До середины восьмидесятых годов Орловский городской общественный банк процветал. Его вкладчиками были городская казна и крупнейшие орловские купцы. Но в середине восьмидесятых разразился скандал. По обвинению в подлогах и растратах оказались под судом и были сосланы в Сибирь некоторые члены правления банка. А вот его главный бухгалтер Николай Николаевич Пацковский, родной брат матери Андреева и шурин его отца, устроивший своего родственника в банк, был оправдан. Ни он, ни его протеже в финансовых преступлениях участия не принимали.

Наверное, еще и за это уважали Николая Ивановича простые жители Пушкарных улиц, или пушкари. За честность. И еще – за трудолюбие. Он вставал обычно в пять часов утра и все свободное от работы в банке время проводил в саду, ухаживая за многочисленными фруктовыми деревьями и ягодными кустарниками.

Эту любовь к садовому хозяйству он прививал и детям. Например, он делал им своеобразные подарки. “Так, когда созревали ягоды и фрукты в его саду, – вспоминал Павел Андреев, – он дарил каждому из нас то по кусту смородины со зрелыми ягодами, то по вишневому дереву. Леониду же всегда дарил, как старшему, целое фруктовое дерево, с самыми лучшими и вкусными плодами. И с того дня уже никто не имел права пользоваться ягодами или фруктами с подаренного куста или дерева, кроме собственника”.

В его поведении и привычках было немало эксцентрического и в то же время провинциального. “Во время дождя раздевался, уходил в сад, где и прогуливался по дорожкам полчаса, час, таким образом принимая дождевую ванну. Ходил всегда в красной рубашке, в черных, в сапоги, шароварах, а поверх – поддевка. На голове – картуз”.

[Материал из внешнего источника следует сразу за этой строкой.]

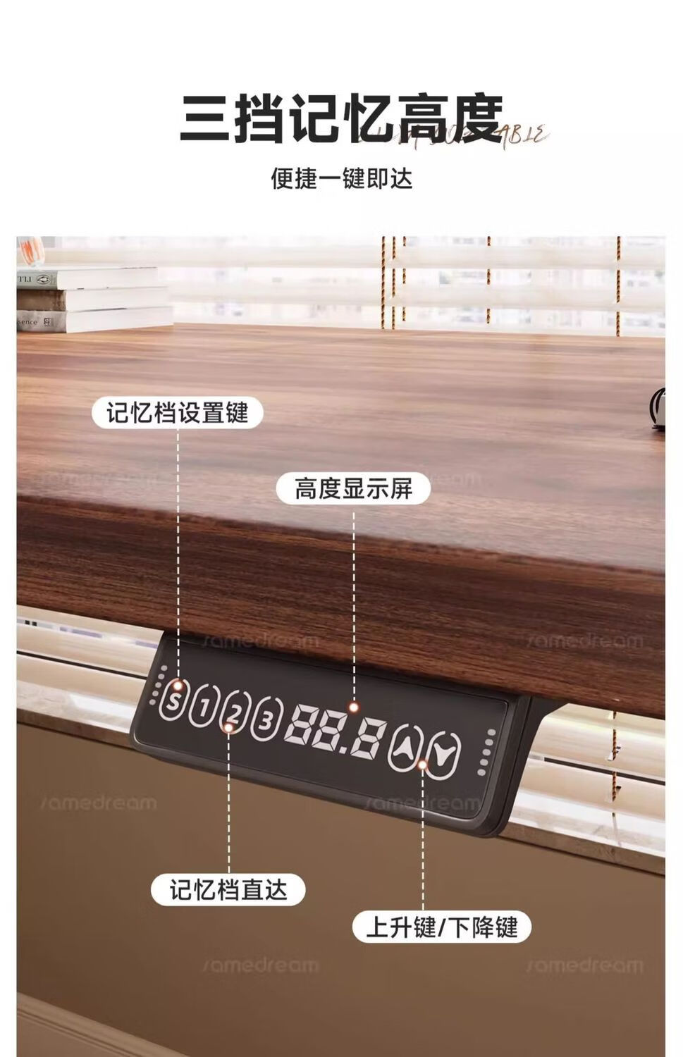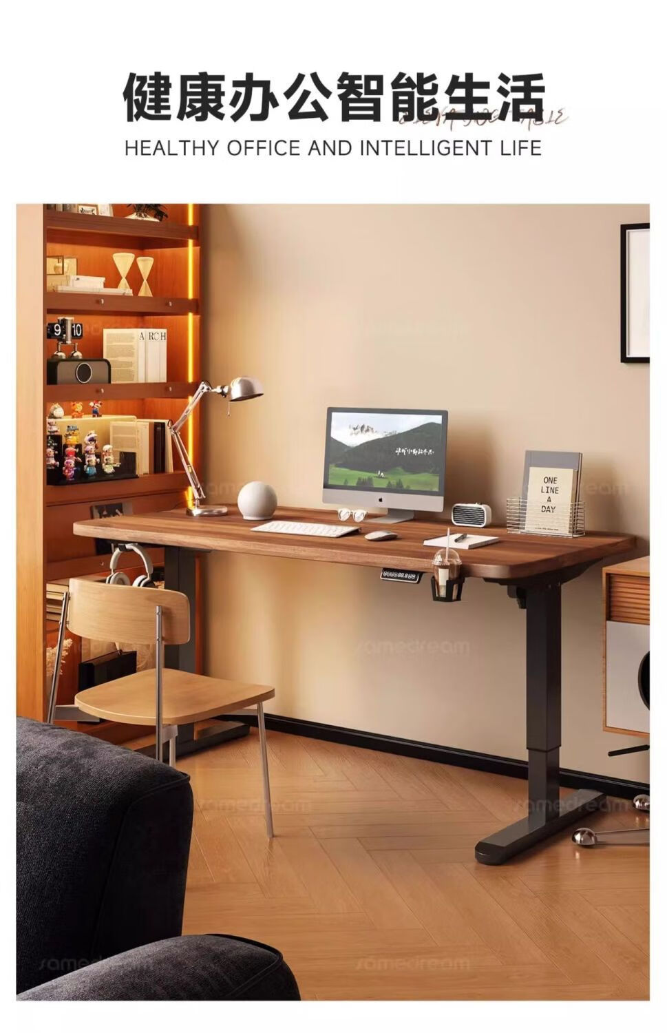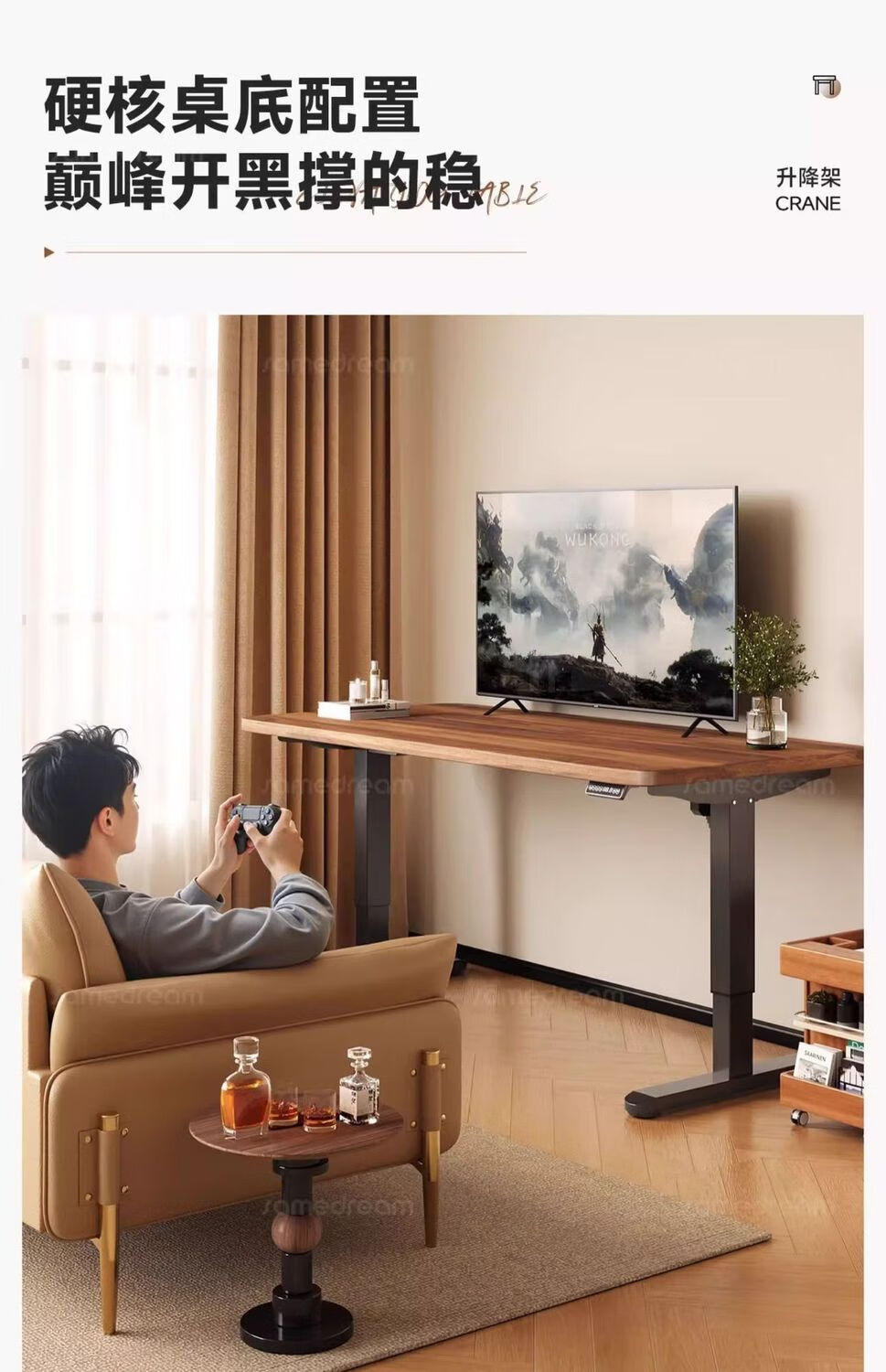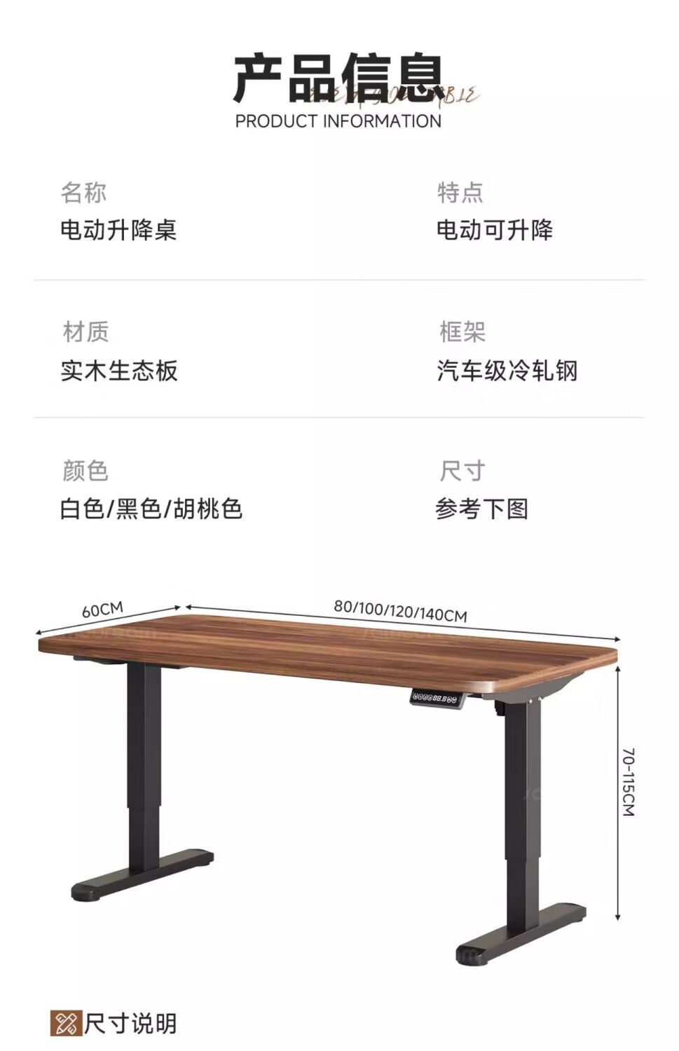 迈途森电动升降桌实木台式家用电脑桌客厅茶几办公桌工作台边几茶几 【智控升降】黑胡桃尊享80版

В красной рубашке изображен и Леонид Андреев на известном портрете кисти Ильи Репина 1905 года. А картуз на голове, сменяемый на зиму барашковой шапкой, был неизменным головным убором его молодости.

Второй страстью отца было строительство. В своем доме и на участке он что-то постоянно достраивал и переделывал и говорил, что когда прекратит строить, то умрет. “И действительно, так и случилось, – вспоминал Павел Андреев. – В тот год, когда он почему-то прекратил всякого рода стройки, – он умер”.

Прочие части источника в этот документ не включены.